We took leave of the worthy friar, having been much interested with his long conversation, as well as with what he had shown us, and we fully concurred with him in the hope that we might meet again at some future period. He allowed us to cut several branches off a very beautiful palm tree, which has adorned the garden of the convent since its foundation, and pressed us to carry away certain Souveniers of our visit.

Saturday, May 3. Our morning was occupied in making purchases of bournouses and other articles for our friends in England, at the shop of Mustapha, in the Place Royal, a very respectable and honest Moor, with whom most foreigners transact business. From the experience which we have since had of the durability and excellence of his merchandize, we strongly recommend all Algerian travellers to visit his bazaar. I was much amused at his great family pride; as he informed me that his ancestors had been originally natives of Morocco, and had emigrated from that country three centuries ago, establishing themselves at Algiers. Hearing this, I asked him whether the emigration took place at the time when the celebrated Hassam ruled over Algiers. He seemed much astounded at my question, but answered, “I am a descendant of that famous chieftain."

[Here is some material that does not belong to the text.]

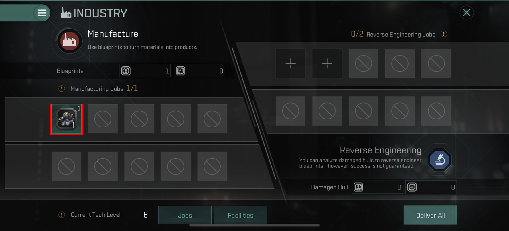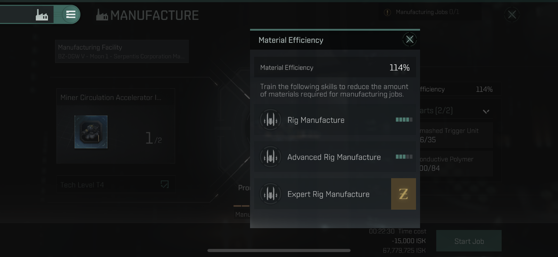 일단 Rig Manufacture 스킬을 올려 생산 효율성을 높여주었습니다.

The contents of Mustapha's shop may be taken as a fair sample of native Algerian manufacture. They consisted of specimens of terra cotta ornaments, painted in very bright colours; basket-work made from the leaves of the palm; pipes of all shapes and descriptions, from the hard and inlaid Berber bowl to the ordinary reddish clay of the desert; jewellery of native taste and pattern; stools and

tables, inlaid with mother-o'-pearl, and precious metals; bournouses, of camels' hair and silk fabric, together with embroidery in gold, silver, and leather.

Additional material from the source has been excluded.